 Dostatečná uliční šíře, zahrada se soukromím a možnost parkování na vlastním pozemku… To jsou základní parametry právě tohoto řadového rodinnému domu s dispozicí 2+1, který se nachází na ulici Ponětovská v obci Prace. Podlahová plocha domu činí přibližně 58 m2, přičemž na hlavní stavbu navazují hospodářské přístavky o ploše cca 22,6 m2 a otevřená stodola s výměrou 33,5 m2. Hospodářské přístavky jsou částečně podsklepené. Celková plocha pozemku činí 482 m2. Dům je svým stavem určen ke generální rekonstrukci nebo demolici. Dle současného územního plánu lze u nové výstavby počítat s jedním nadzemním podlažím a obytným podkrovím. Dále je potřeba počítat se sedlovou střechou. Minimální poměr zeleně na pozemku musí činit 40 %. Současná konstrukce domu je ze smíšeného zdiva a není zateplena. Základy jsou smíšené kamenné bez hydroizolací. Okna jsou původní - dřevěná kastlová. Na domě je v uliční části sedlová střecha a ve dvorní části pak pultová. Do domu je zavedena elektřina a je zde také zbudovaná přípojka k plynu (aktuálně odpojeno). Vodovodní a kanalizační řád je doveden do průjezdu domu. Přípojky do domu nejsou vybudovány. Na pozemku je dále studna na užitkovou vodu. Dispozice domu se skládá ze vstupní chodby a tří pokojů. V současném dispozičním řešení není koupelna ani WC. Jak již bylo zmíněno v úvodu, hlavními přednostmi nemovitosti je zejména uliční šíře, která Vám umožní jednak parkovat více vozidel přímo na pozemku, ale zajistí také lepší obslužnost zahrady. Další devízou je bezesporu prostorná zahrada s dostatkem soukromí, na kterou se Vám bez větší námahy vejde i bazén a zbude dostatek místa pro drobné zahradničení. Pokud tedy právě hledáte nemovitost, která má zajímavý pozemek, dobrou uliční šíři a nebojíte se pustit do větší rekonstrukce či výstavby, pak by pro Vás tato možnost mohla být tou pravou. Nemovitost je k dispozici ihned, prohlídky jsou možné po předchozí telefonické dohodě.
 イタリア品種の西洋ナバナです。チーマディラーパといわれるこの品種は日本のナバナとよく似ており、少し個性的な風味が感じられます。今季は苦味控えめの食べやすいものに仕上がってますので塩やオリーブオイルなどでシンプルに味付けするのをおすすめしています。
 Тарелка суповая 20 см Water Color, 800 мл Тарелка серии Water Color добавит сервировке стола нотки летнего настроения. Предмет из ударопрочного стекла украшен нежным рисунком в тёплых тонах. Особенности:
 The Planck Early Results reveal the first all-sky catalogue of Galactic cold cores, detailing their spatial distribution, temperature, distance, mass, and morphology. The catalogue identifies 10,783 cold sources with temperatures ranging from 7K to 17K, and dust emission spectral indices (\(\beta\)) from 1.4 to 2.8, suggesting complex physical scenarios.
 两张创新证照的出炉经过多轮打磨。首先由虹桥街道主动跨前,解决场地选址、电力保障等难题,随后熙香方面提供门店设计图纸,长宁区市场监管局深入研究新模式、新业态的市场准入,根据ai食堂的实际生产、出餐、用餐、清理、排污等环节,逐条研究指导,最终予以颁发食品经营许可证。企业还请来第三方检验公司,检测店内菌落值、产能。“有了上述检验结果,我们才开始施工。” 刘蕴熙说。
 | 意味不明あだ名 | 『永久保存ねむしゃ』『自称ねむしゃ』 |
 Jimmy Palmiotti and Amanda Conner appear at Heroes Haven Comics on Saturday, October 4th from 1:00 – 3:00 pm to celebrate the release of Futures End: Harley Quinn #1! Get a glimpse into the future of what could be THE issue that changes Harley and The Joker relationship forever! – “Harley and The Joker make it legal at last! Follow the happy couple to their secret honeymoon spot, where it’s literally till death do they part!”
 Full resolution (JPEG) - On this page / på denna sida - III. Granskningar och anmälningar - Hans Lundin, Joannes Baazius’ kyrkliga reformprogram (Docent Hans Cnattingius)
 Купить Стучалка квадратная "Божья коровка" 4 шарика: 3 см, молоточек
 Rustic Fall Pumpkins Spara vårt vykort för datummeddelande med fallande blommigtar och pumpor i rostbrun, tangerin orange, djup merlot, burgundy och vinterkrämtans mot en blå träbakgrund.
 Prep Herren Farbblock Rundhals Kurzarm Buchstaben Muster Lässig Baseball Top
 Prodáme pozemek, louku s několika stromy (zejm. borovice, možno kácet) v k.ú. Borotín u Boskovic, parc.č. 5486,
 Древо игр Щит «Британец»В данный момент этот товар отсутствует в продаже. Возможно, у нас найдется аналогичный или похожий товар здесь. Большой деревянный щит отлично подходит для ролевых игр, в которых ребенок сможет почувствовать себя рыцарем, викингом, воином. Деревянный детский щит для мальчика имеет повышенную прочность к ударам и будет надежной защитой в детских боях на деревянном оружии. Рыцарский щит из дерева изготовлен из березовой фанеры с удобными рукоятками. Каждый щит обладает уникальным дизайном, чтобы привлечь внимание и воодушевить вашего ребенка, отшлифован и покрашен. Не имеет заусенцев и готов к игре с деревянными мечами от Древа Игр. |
•••••
■ Description of the task:
Your task is to repeat the data exactly, with nothing left out.

■ Response area:
 Dostatečná uliční šíře, zahrada se soukromím a možnost parkování na vlastním pozemku… To jsou základní parametry právě tohoto řadového rodinnému domu s dispozicí 2+1, který se nachází na ulici Ponětovská v obci Prace. Podlahová plocha domu činí přibližně 58 m2, přičemž na hlavní stavbu navazují hospodářské přístavky o ploše cca 22,6 m2 a otevřená stodola s výměrou 33,5 m2. Hospodářské přístavky jsou částečně podsklepené. Celková plocha pozemku činí 482 m2. Dům je svým stavem určen ke generální rekonstrukci nebo demolici. Dle současného územního plánu lze u nové výstavby počítat s jedním nadzemním podlažím a obytným podkrovím. Dále je potřeba počítat se sedlovou střechou. Minimální poměr zeleně na pozemku musí činit 40 %. Současná konstrukce domu je ze smíšeného zdiva a není zateplena. Základy jsou smíšené kamenné bez hydroizolací. Okna jsou původní - dřevěná kastlová. Na domě je v uliční části sedlová střecha a ve dvorní části pak pultová. Do domu je zavedena elektřina a je zde také zbudovaná přípojka k plynu (aktuálně odpojeno). Vodovodní a kanalizační řád je doveden do průjezdu domu. Přípojky do domu nejsou vybudovány. Na pozemku je dále studna na užitkovou vodu. Dispozice domu se skládá ze vstupní chodby a tří pokojů. V současném dispozičním řešení není koupelna ani WC. Jak již bylo zmíněno v úvodu, hlavními přednostmi nemovitosti je zejména uliční šíře, která Vám umožní jednak parkovat více vozidel přímo na pozemku, ale zajistí také lepší obslužnost zahrady. Další devízou je bezesporu prostorná zahrada s dostatkem soukromí, na kterou se Vám bez větší námahy vejde i bazén a zbude dostatek místa pro drobné zahradničení. Pokud tedy právě hledáte nemovitost, která má zajímavý pozemek, dobrou uliční šíři a nebojíte se pustit do větší rekonstrukce či výstavby, pak by pro Vás tato možnost mohla být tou pravou. Nemovitost je k dispozici ihned, prohlídky jsou možné po předchozí telefonické dohodě.
 イタリア品種の西洋ナバナです。チーマディラーパといわれるこの品種は日本のナバナとよく似ており、少し個性的な風味が感じられます。今季は苦味控えめの食べやすいものに仕上がってますので塩やオリーブオイルなどでシンプルに味付けするのをおすすめしています。
 Тарелка суповая 20 см Water Color, 800 мл Тарелка серии Water Color добавит сервировке стола нотки летнего настроения. Предмет из ударопрочного стекла украшен нежным рисунком в тёплых тонах. Особенности:
 The Planck Early Results reveal the first all-sky catalogue of Galactic cold cores, detailing their spatial distribution, temperature, distance, mass, and morphology. The catalogue identifies 10,783 cold sources with temperatures ranging from 7K to 17K, and dust emission spectral indices (\(\beta\)) from 1.4 to 2.8, suggesting complex physical scenarios.
 两张创新证照的出炉经过多轮打磨。首先由虹桥街道主动跨前,解决场地选址、电力保障等难题,随后熙香方面提供门店设计图纸,长宁区市场监管局深入研究新模式、新业态的市场准入,根据ai食堂的实际生产、出餐、用餐、清理、排污等环节,逐条研究指导,最终予以颁发食品经营许可证。企业还请来第三方检验公司,检测店内菌落值、产能。“有了上述检验结果,我们才开始施工。” 刘蕴熙说。
 | 意味不明あだ名 | 『永久保存ねむしゃ』『自称ねむしゃ』 |
 Jimmy Palmiotti and Amanda Conner appear at Heroes Haven Comics on Saturday, October 4th from 1:00 – 3:00 pm to celebrate the release of Futures End: Harley Quinn #1! Get a glimpse into the future of what could be THE issue that changes Harley and The Joker relationship forever! – “Harley and The Joker make it legal at last! Follow the happy couple to their secret honeymoon spot, where it’s literally till death do they part!”
 Full resolution (JPEG) - On this page / på denna sida - III. Granskningar och anmälningar - Hans Lundin, Joannes Baazius’ kyrkliga reformprogram (Docent Hans Cnattingius)
 Купить Стучалка квадратная "Божья коровка" 4 шарика: 3 см, молоточек
 Rustic Fall Pumpkins Spara vårt vykort för datummeddelande med fallande blommigtar och pumpor i rostbrun, tangerin orange, djup merlot, burgundy och vinterkrämtans mot en blå träbakgrund.
 Prep Herren Farbblock Rundhals Kurzarm Buchstaben Muster Lässig Baseball Top
 Prodáme pozemek, louku s několika stromy (zejm. borovice, možno kácet) v k.ú. Borotín u Boskovic, parc.č. 5486,
 Древо игр Щит «Британец»В данный момент этот товар отсутствует в продаже. Возможно, у нас найдется аналогичный или похожий товар здесь. Большой деревянный щит отлично подходит для ролевых игр, в которых ребенок сможет почувствовать себя рыцарем, викингом, воином. Деревянный детский щит для мальчика имеет повышенную прочность к ударам и будет надежной защитой в детских боях на деревянном оружии. Рыцарский щит из дерева изготовлен из березовой фанеры с удобными рукоятками. Каждый щит обладает уникальным дизайном, чтобы привлечь внимание и воодушевить вашего ребенка, отшлифован и покрашен. Не имеет заусенцев и готов к игре с деревянными мечами от Древа Игр. |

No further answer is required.